REBELS OF ARON BEGIN MILITARY CAMPAIGN IN INDUSTRIAL EAST
The new revolutionary coalition of ARON has also rebelled this year, however their basis of power has been the industrial north-east, where much of the technocratic and syndicalist elements of the rebellion are headquartered. ARON itself is composed largely of four factions, the Revolutionary Officers Party (the Louvre faction), the Blanquist faction, the Popular Technocratic Party (the Sorbonne faction), and the United Revolutionary Syndicates (the Metzienne faction). The Louvre and Blanquist factions hold co-leadership of the Revolutionary Assembly (the Louvre granted the office of Great Emancipator, the Blanquists President of the Assembly), which acts as the collective government of the rebellion, organizing much of their armed forces, though an equal portion is controlled by the proletarian militias of the Metzienne, which have borne the brunt of casualties in the first year of civil war. The Metzienne have also been granted a lower house of the Assembly specifically for their syndicalist unions. The most ideologically developed, but additionally most newly integrated part of the ARON front is the Sorbonne faction, mainly technocratic intellectuals and academics turned revolutionaries who have been highly successful at engineering anti-government propaganda for ARON, with a technocratic flavour. The mishmash coalition, formed only this year but with half the Undergrounds contacts and arms has rapidly organized into a fighting force, and theyve made as much progress as the remainder of the Underground in fighting the government.

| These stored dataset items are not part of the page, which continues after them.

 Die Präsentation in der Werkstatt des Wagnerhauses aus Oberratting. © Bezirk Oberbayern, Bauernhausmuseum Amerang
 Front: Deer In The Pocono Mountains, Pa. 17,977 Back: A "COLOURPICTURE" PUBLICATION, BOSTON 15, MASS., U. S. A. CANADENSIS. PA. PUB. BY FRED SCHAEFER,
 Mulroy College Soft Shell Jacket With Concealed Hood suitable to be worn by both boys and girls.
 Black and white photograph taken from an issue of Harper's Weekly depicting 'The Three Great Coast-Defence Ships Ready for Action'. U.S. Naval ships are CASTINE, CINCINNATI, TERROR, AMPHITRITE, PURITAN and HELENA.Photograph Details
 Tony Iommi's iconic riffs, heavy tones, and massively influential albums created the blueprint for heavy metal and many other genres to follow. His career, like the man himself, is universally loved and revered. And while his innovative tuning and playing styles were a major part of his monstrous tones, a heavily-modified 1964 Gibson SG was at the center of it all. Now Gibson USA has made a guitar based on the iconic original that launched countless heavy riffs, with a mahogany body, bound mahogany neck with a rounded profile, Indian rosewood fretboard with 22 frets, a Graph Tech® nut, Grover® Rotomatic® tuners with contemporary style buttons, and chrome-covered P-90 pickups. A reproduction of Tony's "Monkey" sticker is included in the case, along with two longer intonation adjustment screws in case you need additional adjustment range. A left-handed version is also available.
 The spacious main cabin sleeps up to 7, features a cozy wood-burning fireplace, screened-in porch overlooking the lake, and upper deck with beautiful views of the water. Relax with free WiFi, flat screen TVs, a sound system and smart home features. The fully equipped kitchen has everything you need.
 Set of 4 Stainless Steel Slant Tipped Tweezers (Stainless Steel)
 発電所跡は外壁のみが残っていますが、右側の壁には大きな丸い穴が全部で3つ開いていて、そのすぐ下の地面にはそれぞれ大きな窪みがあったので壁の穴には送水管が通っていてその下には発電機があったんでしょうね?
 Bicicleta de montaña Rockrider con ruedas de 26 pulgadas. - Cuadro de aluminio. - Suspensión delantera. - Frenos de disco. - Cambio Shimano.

PARIS THREATENED ON ALL SIDES
The heart of France, and the former seat of military power in the country, Paris has been the main site of rebel push from both ARON and the Underground. Government forces have also recognized the importance of the citys millions of inhabitants, though have also spent the year scuffling much of the citys industrial resources to safer areas in the south. Both disrupted trade from three competing militaries combined with this policy of industrial evacuation has put the city in dire risk of starvation, however swift occupation of the city and its surrounding area might alleviate the imminent threat. Some are concerned, should ARON and the Underground push on Paris simultaneously, that urban conflict might erupt between partisans loyal to each cause, something government forces may or may not be abetting.